_SOURCE MATERIAL_
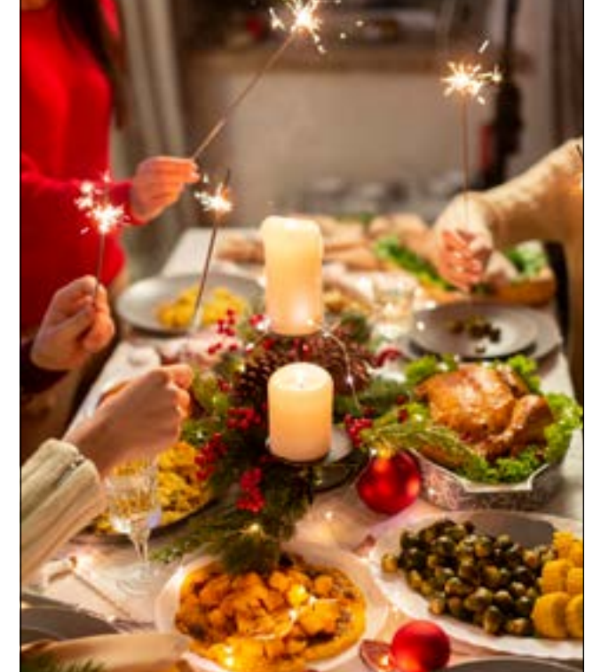
CELEBRATION: Coming together for Thanksgiving

For more information, contact 33692013 or 33690081.
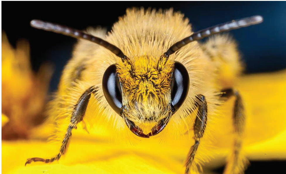
THE BEE CONSERVANCY
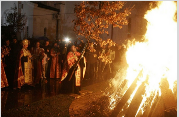
A Badnjak Bonfire outside the Church of St Sava in Belgrade, via Wikimedia Commons

Reference: https://www.whychristmas.com/
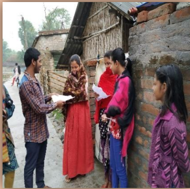
Volunteers distributing leaflet and interacting with the locals: Figure-1
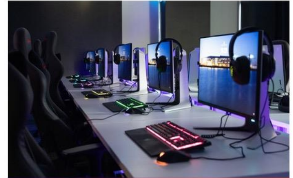
Brand-new Esports room
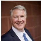
Tad Walch covers religion with a focus on The Church of Jesus Christ of Latter-day Saints.

© Deseret News, March 5, 2024. Retrieved March 8, 2024.
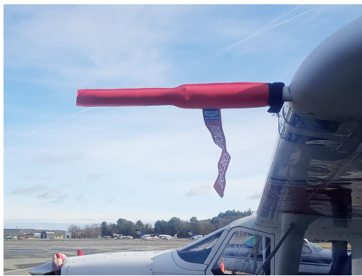
Gippsland GA-8 Airvan Pitot Cover
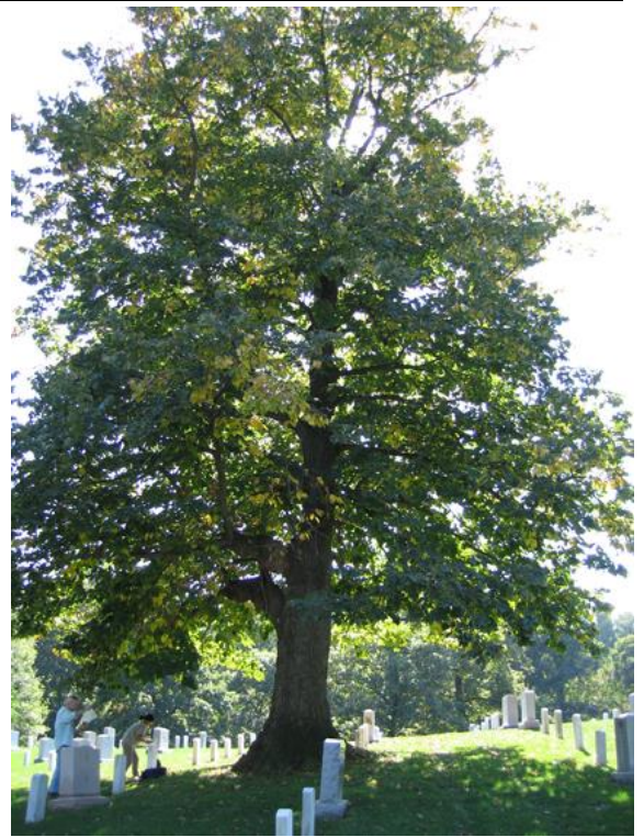
Arlington County Champion Tilia americana at Arlington Cemetery

American basswood is also an excellent street tree and shade tree, because of its very dense shade. It is much more statuesque than the European linden. And it tolerates a variety of site conditions—although it prefers deep rich soils.

_INSTRUCTIONS FOR THE TASK_
Everything from the opening line of the data through the line with "Arlington County Champion" should be repeated exactly; leave the pictures out.

_FINAL ANSWER_
CELEBRATION: Coming together for Thanksgiving

For more information, contact 33692013 or 33690081.
THE BEE CONSERVANCY
A Badnjak Bonfire outside the Church of St Sava in Belgrade, via Wikimedia Commons

Reference: https://www.whychristmas.com/
Volunteers distributing leaflet and interacting with the locals: Figure-1
Brand-new Esports room
Tad Walch covers religion with a focus on The Church of Jesus Christ of Latter-day Saints.

© Deseret News, March 5, 2024. Retrieved March 8, 2024.
Gippsland GA-8 Airvan Pitot Cover
Arlington County Champion Tilia americana at Arlington Cemetery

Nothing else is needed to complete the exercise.